To define services, a description language was needed. Most of the existing languages require XML, have too extensive of a library, or do not allow for the proper definition of robot-based services. The entire service discovery protocol is based on "Interface" objects registering their capabilites with the "Data Distribution" object. To read more about this process refer to "application layer networking."

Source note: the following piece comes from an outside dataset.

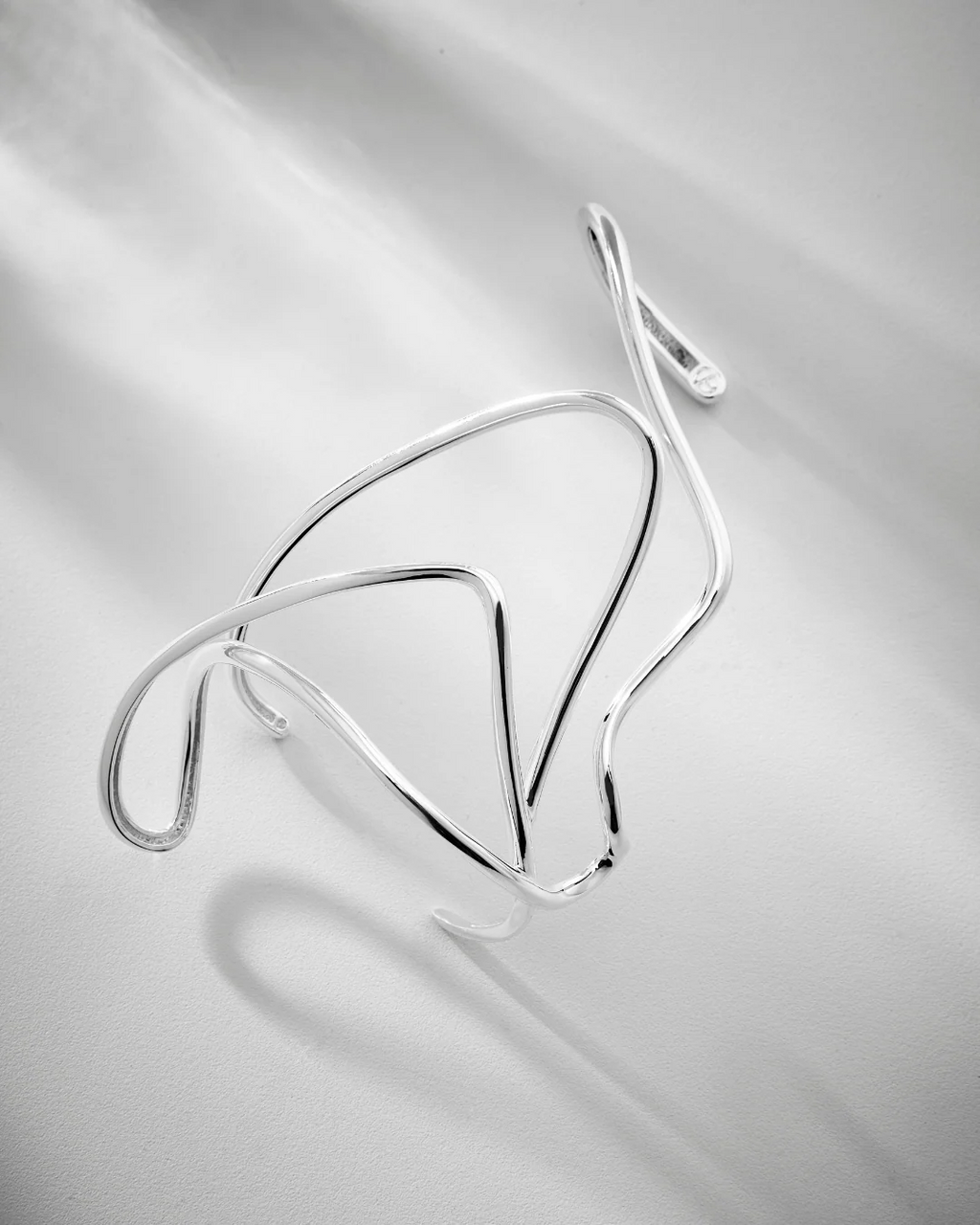 The Miragem Hand Bracelet captures the shimmering effect of heat waves on sand, symbolizing hope during challenging times. Made with gold and silver-plated noble metals, its polished design offers a modern and striking look.

Capabilities Message Structure
Once each capability has been registered, it is then defined using unique ids. Each subsystem was given a 4 bit id. For instance, the GPS subsystem was given 0x40. To further define the capability, hex values were then assigned to available streams or accepted commands. Available streams and accepted commands are defined by two 8 bit bit fields that identify the presence of one or many per subsystem. This 12 bit representation of a capability provides enough flexibility to define all of the current subsystems along with room to define others. Furthermore, by using this unique system, the internal packets can be identified by simply combining the 4 bit hex value of the system in the high nibble with the 4 bit value of the stream or command in the low nibble to get the header. An example of these defines are given below:
To send these available streams and accepted commands to the rest of the system, a capabilities packet is composed. The structure of the capabilities packet was kept very simple to limit bandwidth and allow for implementation on the resource constrained participants. The packet is composed of an address field and a systems field. The address corresponds to a 32 byte human readable "address" for the node. This is done to allow for the unique identification of a node that might have multiple IP addresses, or other types of addresses depending on the connected networks. The systems field is simply a list of the unique capability ids.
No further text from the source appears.